## Data block

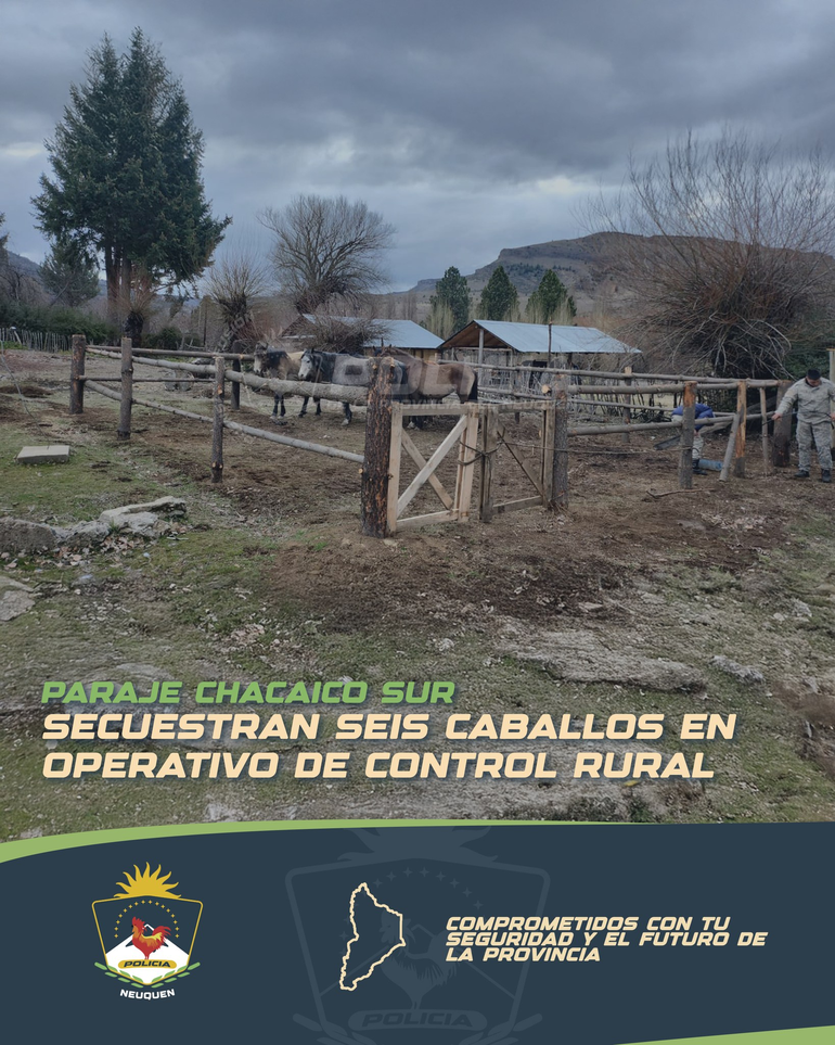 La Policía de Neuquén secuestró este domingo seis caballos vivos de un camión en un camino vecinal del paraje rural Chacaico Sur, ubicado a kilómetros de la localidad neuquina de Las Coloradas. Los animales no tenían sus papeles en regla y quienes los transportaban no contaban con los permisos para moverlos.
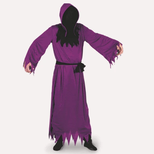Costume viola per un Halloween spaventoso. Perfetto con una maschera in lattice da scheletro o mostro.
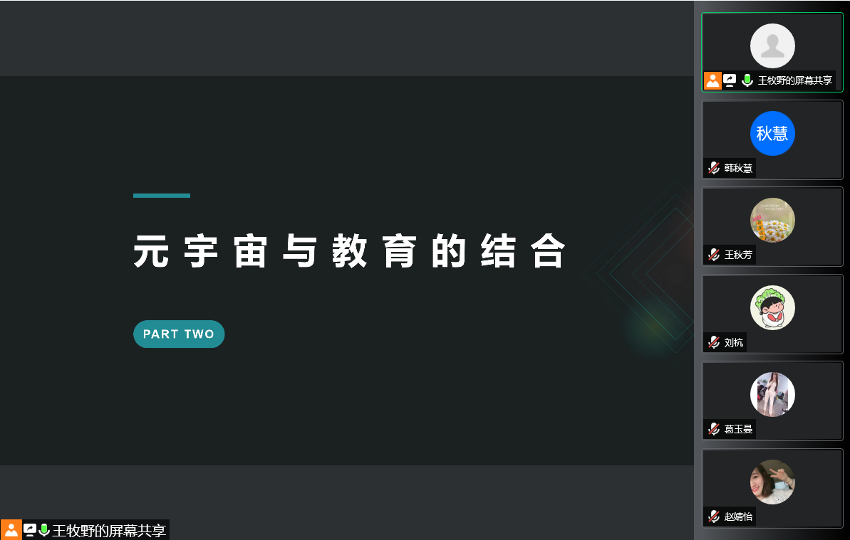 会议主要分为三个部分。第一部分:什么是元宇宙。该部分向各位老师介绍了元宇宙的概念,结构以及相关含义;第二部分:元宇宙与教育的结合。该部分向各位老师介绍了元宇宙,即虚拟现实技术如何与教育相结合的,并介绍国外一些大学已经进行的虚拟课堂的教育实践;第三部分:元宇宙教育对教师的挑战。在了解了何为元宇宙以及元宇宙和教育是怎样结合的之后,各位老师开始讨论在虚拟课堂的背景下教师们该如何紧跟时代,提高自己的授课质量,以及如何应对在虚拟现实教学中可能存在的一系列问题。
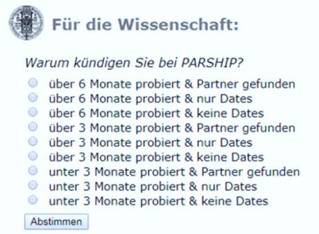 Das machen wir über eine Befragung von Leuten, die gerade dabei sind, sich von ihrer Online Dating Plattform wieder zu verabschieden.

## Instructions for the task
No picture should be included when the data are set down again exactly.

## Result of the exercise
 La Policía de Neuquén secuestró este domingo seis caballos vivos de un camión en un camino vecinal del paraje rural Chacaico Sur, ubicado a kilómetros de la localidad neuquina de Las Coloradas. Los animales no tenían sus papeles en regla y quienes los transportaban no contaban con los permisos para moverlos.
Costume viola per un Halloween spaventoso. Perfetto con una maschera in lattice da scheletro o mostro.
 会议主要分为三个部分。第一部分:什么是元宇宙。该部分向各位老师介绍了元宇宙的概念,结构以及相关含义;第二部分:元宇宙与教育的结合。该部分向各位老师介绍了元宇宙,即虚拟现实技术如何与教育相结合的,并介绍国外一些大学已经进行的虚拟课堂的教育实践;第三部分:元宇宙教育对教师的挑战。在了解了何为元宇宙以及元宇宙和教育是怎样结合的之后,各位老师开始讨论在虚拟课堂的背景下教师们该如何紧跟时代,提高自己的授课质量,以及如何应对在虚拟现实教学中可能存在的一系列问题。
 Das machen wir über eine Befragung von Leuten, die gerade dabei sind, sich von ihrer Online Dating Plattform wieder zu verabschieden.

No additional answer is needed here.